人们告诉我,将我的数据分为测试和培训集时,存在数据泄漏。我的目标是使用原始数据(标准化后)和主成分分析模型的对数回归来绘制接收器工作特性曲线。
但是,对于每个图,接收器工作特性曲线在接收器工作特性曲线得分下仅给了我1.00面积。这是分配我的功能和标签的代码。:
# Import wine dataset. df_1 = pd.read_csv ('./wine.data', delimiter =',', header = None, nrows=200) # Feature Selection (dropping strongly correlated features): df_1 = df_1.drop(df_1.columns[7], axis='columns') df_1 # Separating out the features, columns 1 to 13. x = df_1.iloc[:, 1:13].values # Separating out the target, column 0, with classes 1, 2, and 3. y = df_1.iloc[:, 0].values # Standardizing the features (centering and scaling). x = StandardScaler().fit_transform(x) # Dataset is split into training set (70%) and testing set (30%). X_train,X_test,y_train,y_test=train_test_split(x,y,test_size=0.30,random_state=123) #PCA is performed for 2 components pca_2 = PCA(n_components=2) X_train_pca_2 = pca_2.fit_transform(X_train) X_test_pca_2 = pca_2.fit_transform(X_test)
这是我的其余代码,以防数据泄漏实际上不是问题:
# Create logistic regression function for one vs all classifier.
logreg = LogisticRegression(random_state=0, multi_class='ovr')
# Train the model using the original pre-processed dataset.
model = logreg.fit(X_train, y_train)
# Predict the class of each wine in the testing data.
y_pred = model.predict(X_test)
y_pred
array([3, 2, 3, 2, 2, 3, 1, 3, 3, 2, 3, 3, 3, 1, 1, 3, 2, 2, 1, 2, 3, 3,
3, 3, 2, 3, 3, 2, 1, 1, 1, 1, 2, 2, 3, 2, 3, 1, 2, 2, 3, 3, 1, 1,
2, 1, 1, 2, 1, 2, 2, 3, 3, 2], dtype=int64)
# Train a second model using the PCA.
model_PCA = logreg.fit(X_train_pca_2, y_train)
# Predict the class of each wine in the testing data.

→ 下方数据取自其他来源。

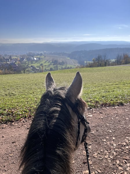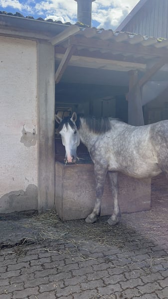 Dino ist 2021 geboren und seit einem Jahr unter dem Sattel. Wir haben uns gemeinsam viel erarbeitet, denn noch vor sechs Monaten war vieles nicht möglich, was ein Pferd eigentlich können sollte – dazu gehörten unter anderem Putzen, Hufe geben, Longieren und routiniertes Reiten. Er ist ein relativ dominanter Wallach, der den persönlichen Raum noch nicht vollständig akzeptiert und eine geringe Frustrationstoleranz hat. Er testet häufig Grenzen und braucht jemanden, der sehr klar ist. Jemanden mit Erfahrung im Jungpferdebereich, der ihn als seine Aufgabe sieht und ihm den Rahmen gibt, den er braucht. Am besten wäre ein reiner Wallach-Offenstall mit einem guten Herdenchef oder einer großen Herde. Wenn er seiner festen Bezugsperson vertraut, ist er ein wirklich toller Trainingspartner: super motiviert, lauffreudig und unerschrocken. Er liebt Ausritte, geht in allen GGA und ist sehr gut über die Stimme regulierbar. Außerdem ist er sehr menschenbezogen, lernwillig und macht sich in der Freiarbeit sehr toll. Zudem hat er ein gutes Grundfundament und ist stabil& funktionsfähig gebaut. Platz vor Preis Keine Anfänger Keine Händler Kein Schulbetrieb
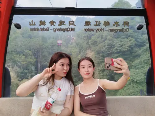 坐游船过月城湖,波光潋滟、群山环抱。再乘坐缆车上到四望观。小玫和梨子是第一次到青城山,从高空俯瞰满山葱郁,更感受到青城山的灵净和静谧,两人连连举起手机自拍,让人物和山色同框。
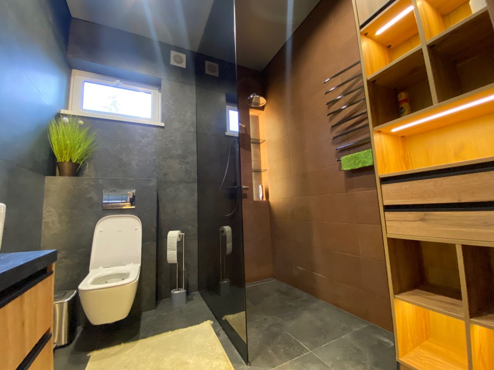 В доме 3 отдельные спальни, большой зал с кухней и выходом на террасу. Также есть гардеробная комната.
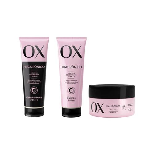 Kit ox hialurônico condicionador 240ml + shampoo 240ml + máscara 300g Descrição O kit ox hialurônico, composto por 1 condicionador de 240ml, 1 shampoo de 240ml e 1 máscara de tratamento de 300g, oferece um cuidado completo para cabelos ressecados e sem vida. Enriquecido com ácido hialurônico, o shampoo limpa suavemente, o condicionador hidrata profundamente, e a máscara proporciona um tratamento intensivo, restaurando a umidade natural dos fios. O resultado são cabelos macios, brilhantes, hidratados e com movimento leve e natural. Modo de uso Shampoo ox hialurônico 240ml Aplique o shampoo nos cabelos molhados, massageando suavemente até formar espuma. Enxágue bem e, se necessário, repita o processo. Condicionador ox hialurônico 240ml Após lavar com o shampoo, aplique o condicionador nos cabelos úmidos, distribuindo do comprimento às pontas. Deixe agir por 2 a 3 minutos e enxágue completamente. Máscara ox hialurônico 300g Aplique a máscara nos cabelos limpos e úmidos, distribuindo uniformemente do comprimento às pontas. Deixe agir por 5 a 10 minutos para uma hidratação profunda. Enxágue bem. Use 1 a 2 vezes por semana para resultados mais intensivos. Marca: Não Informado
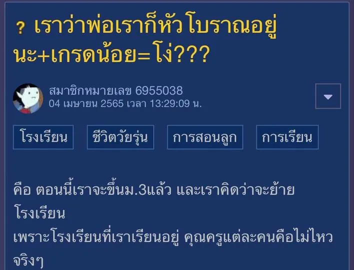 เราว่าพ่อเราก็หัวโบราณอยู่นะ หลังมองว่า เกรดน้อย=โง่???
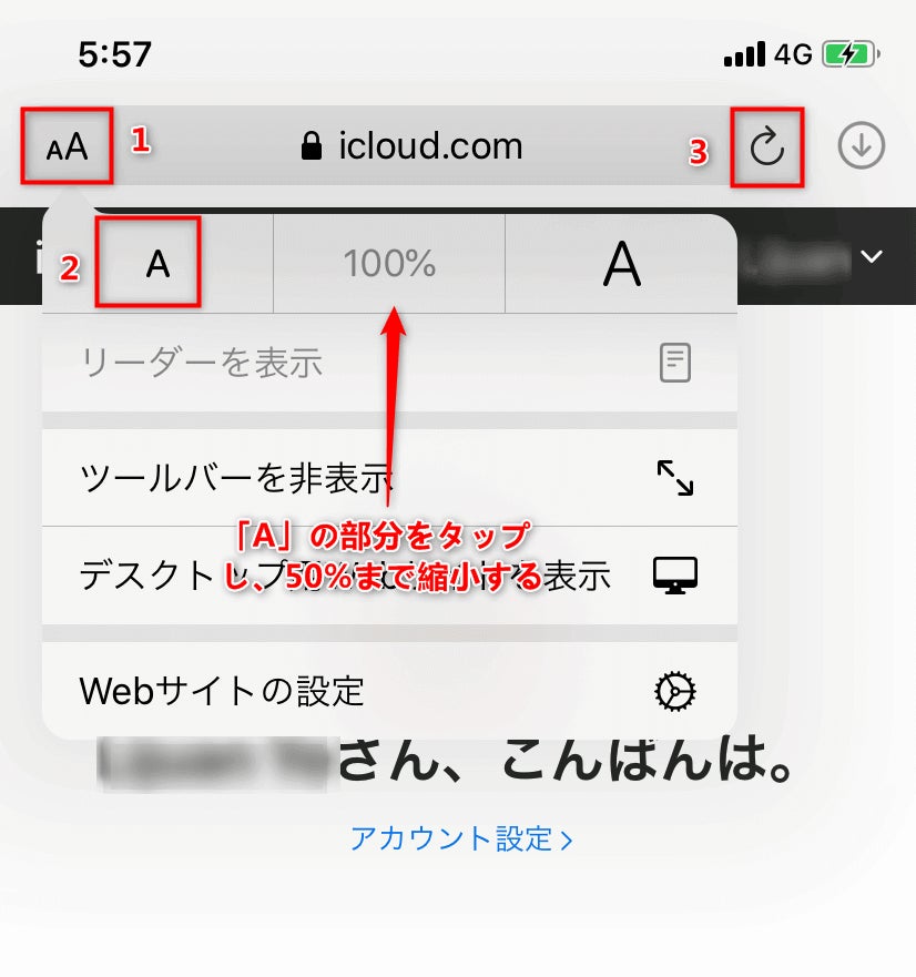 Step 2.iPhoneの場合は縮小しないとすべての機能が表示されないので、「iPadまたはデスクトップコンピュータのiCloud.comでさらに多くのApp使用できます。」と表示されます。そこでURL入力欄の左横にある「AA」をタップします。ページの拡大率を50%まで縮小します。
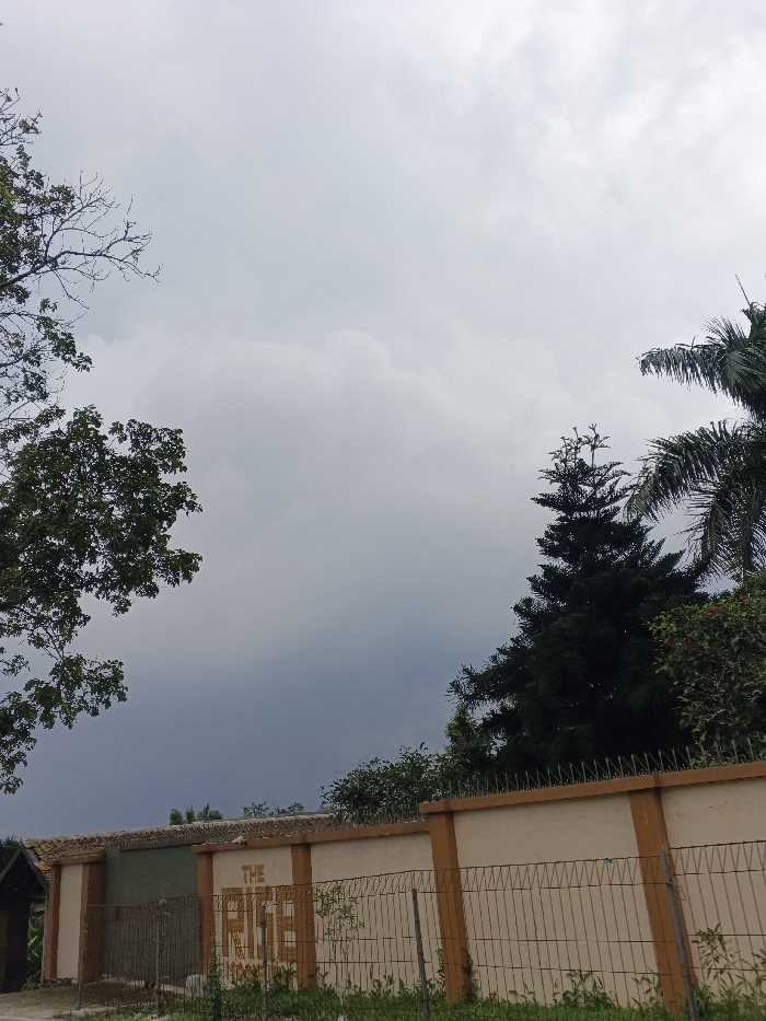 The image displays an exterior scene in Vang Vieng, Laos, under an overcast sky. The upper two-thirds of the frame is dominated by uniform grey clouds, indicating dense cloud cover. A substantial perimeter wall, constructed from light beige panels with prominent orange-brown vertical pillars and coping, extends horizontally across the lower middle. The top of this wall is fitted with anti-climb spikes. A segment of the wall on the left side is painted an olive-green hue. Large, gold-colored lettering on the beige wall section reads "THE RICE," with a second word, likely "RESORT," partially visible beneath, identifying the property as The Rice Resort. In the foreground, a dark metal wire fence runs parallel to the wall, with sparse green ground vegetation growing along its base. To the far left, a small structure with a dark roof and an open side is partially visible. Various trees are present: a deciduous tree with green foliage and bare branches occupies the upper left, while a tall, dark green conical evergreen tree stands prominently on the right, accompanied by the fronds of a palm tree. Additional dense green foliage is visible above and behind sections of the wall. No individuals, explicit actions, or interactions are depicted in the scene.
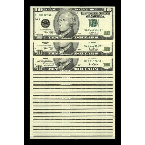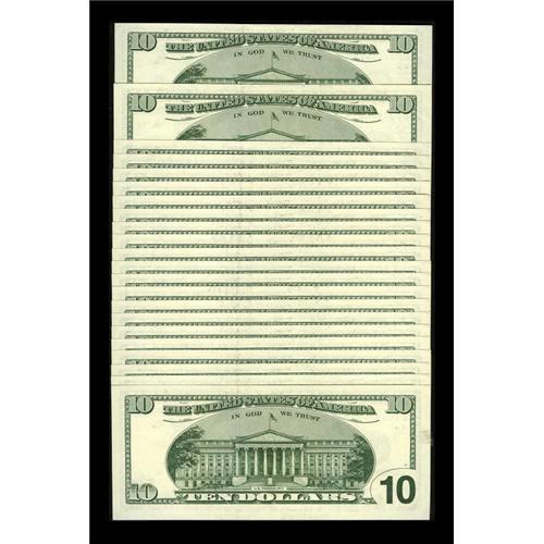 <B>Fr. 2036-L* $10 2001 Federal Reserve Notes. 22 Consecutive Examples. Choice Crisp Uncirculated</B></I>.<B></B></I><BR> A little teller handling is noticed at upper left on every note in this nicely margined run.<BR><BR><b>Shipping:</b> Coins & Currency (<a target="_blank" href="http://www.heritageauctions.com/common/shipping.php">view shipping information</a>)
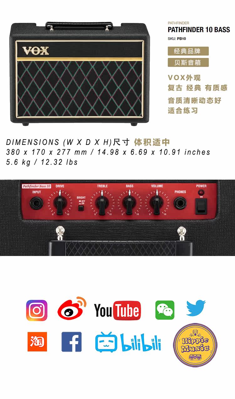 Хиппи музыка Шанхайский физический магазин Vox Bass Discoering Pathfinder Bass 10 Small Amp

y_pred_PCA = model_PCA.predict(X_test_pca_2)
y_pred_PCA
array([3, 2, 2, 2, 2, 3, 1, 2, 3, 2, 3, 3, 3, 1, 1, 3, 2, 2, 1, 2, 2, 3,
3, 2, 2, 3, 2, 1, 1, 1, 1, 1, 2, 1, 3, 2, 2, 1, 2, 2, 3, 3, 1, 1,
2, 1, 1, 2, 1, 1, 2, 2, 3, 2], dtype=int64)
# Binarize the labels
y_train_binary = label_binarize(y_train, classes=[1, 2, 3])
y_test_binary = label_binarize(y_test, classes=[1, 2, 3])
n_classes = y_train_binary.shape[1]
# Score for One vs Rest Classifier
y_score = model.fit(X_train, y_train).decision_function(X_test)
# Score for PCA model
y_score_PCA = model_PCA.fit(X_train, y_train).decision_function(X_test)
fpr1 = dict()
tpr1 = dict()
roc_auc1 = dict()
for i in range(n_classes):
fpr1[i], tpr1[i], _ = roc_curve(y_test_binary[:, i], y_score[:, i])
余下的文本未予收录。